И всё же подлинным прорывом в своём личном творчестве для Солнцевой становится не «Егор Булычов», а фильм «Поэма о море» (1958), снятый по сценарию Довженко. Это потрясающе амбивалентный фильм, который рождает полярные мысли. Никакой средины, спокойного мышления и логического анализа он не приемлет. Возможно, чтобы посмотреть этот фильм без предубеждённости, нужно отбросить всю историю кино, понимание режиссуры, актёрской игры и смотреть его, как единственный фильм во всём кинематографе.

Но, так как такое смотрение в режиме «табула раса» невозможно, то остаётся лишь осознавать противоречия. Из сегодняшнего дня «Поэма о море» представляется фильмом о Большой надежде, ещё не подозревающей о Большой лжи. И именно поэтому персонажи внутри сложного, пунктирного и обрывистого повествования кажутся если не мертвецами, то некими муляжами или манекенами. Самое страшное в этом фильме – речь: смесь пропагандистской риторики передовиц «Правды», косноязычной речи космических коммунистов Ивана Ефремова и искажённой речи героев Андрея Платонова; мёртвое эсперанто коммунизма – диалоги в фильме настолько искусственны, что это представляется неким сценарным и режиссёрским ходом. Люди в фильме Солнцевой «строят море» – и эта фраза сразу же связывается с персонажами пьесы Виктора Сосноры, которые море ремонтировали.

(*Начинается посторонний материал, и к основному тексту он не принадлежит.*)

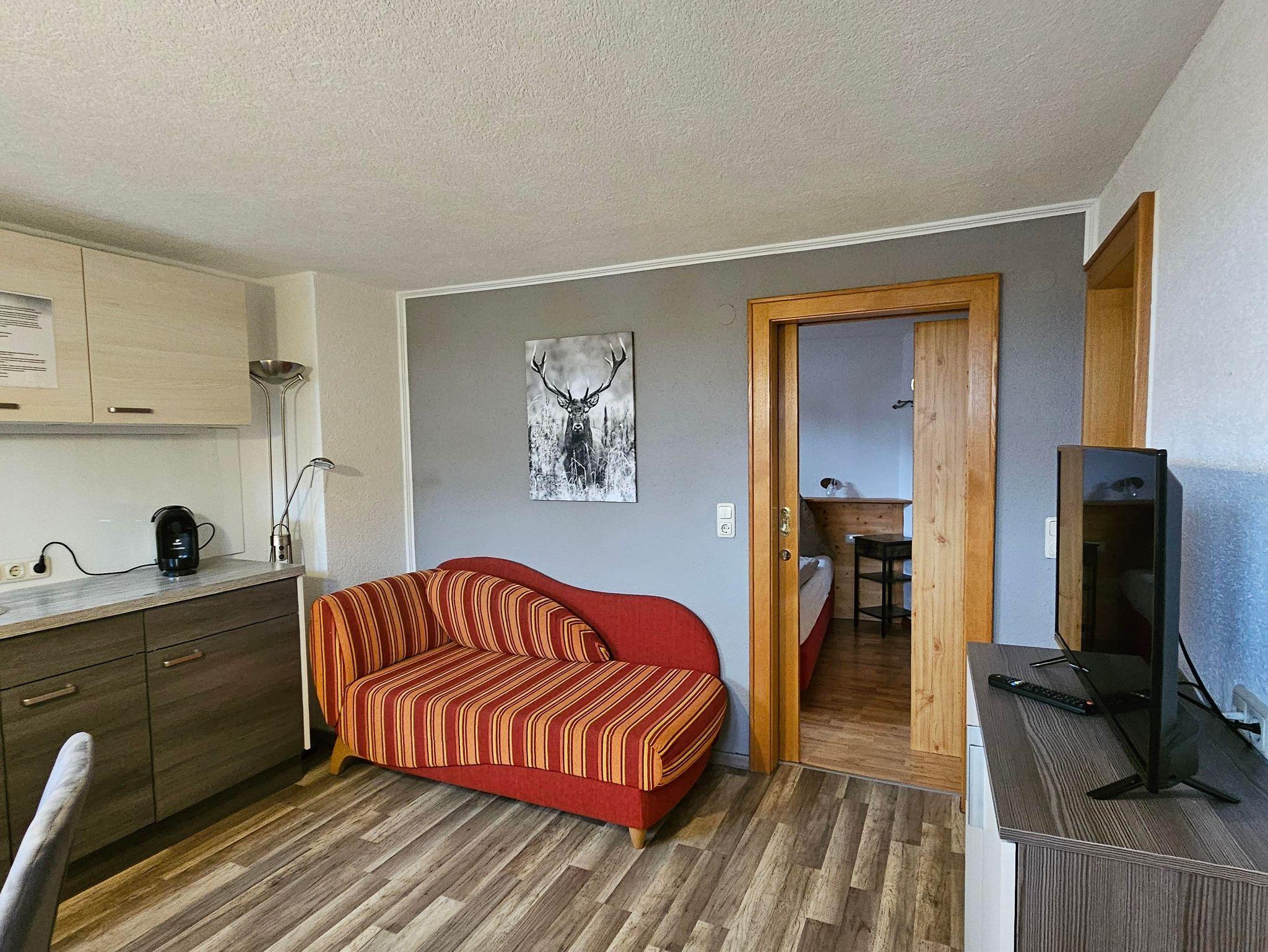 1 Schlafzimmer, 1 Wohn-Schlafraum mit Küchenblock, komplett ausgestattet 2 Platten E-Herd, Dusche, WC, Flat Sreen TV, Radio. Gratis Online-Zugang zum Internet für Laptops in den Appartements

Конечно, фильм можно смотреть и иначе, не обращая внимания на мёртвую речь морестроителей, а прозревать пейзажи Украины, – фильм Солнцевой заставляет просто зажмуриваться от грандиозности природы – находя в затоплении деревень трагедию, которую видел, например, Олесь Гончар. Но мысль затем снова переходит к рефлексии над коммунистическим проектом, в котором сила коллективизма в крайнем рационалистическом порыве пыталась победить природу. И здесь проглядываются некоторые моменты, которые – почти в соответствии с брехтовским «эффектом очуждения» – показывают изнанку мёртвой речи.

 

 

Когда сельские мужики приходят к герою Бориса Ливанова, чтобы предложить ему стать председателем колхоза, в речи одного из них проскальзывает, что язык, дескать, заплетается, так как выпил лишние пятьдесят граммов. Эта живая и несколько стыдливая реплика в одно мгновение показывает, что эта газетная выспренная речь является всего лишь маской. Коммунизм как театр – на сцене звучит язык Шекспира, а за сценой – речь пьяненьких монтёров. Но жизнь идёт именно там, за сценой – на сцене же грохочет механизм Истории.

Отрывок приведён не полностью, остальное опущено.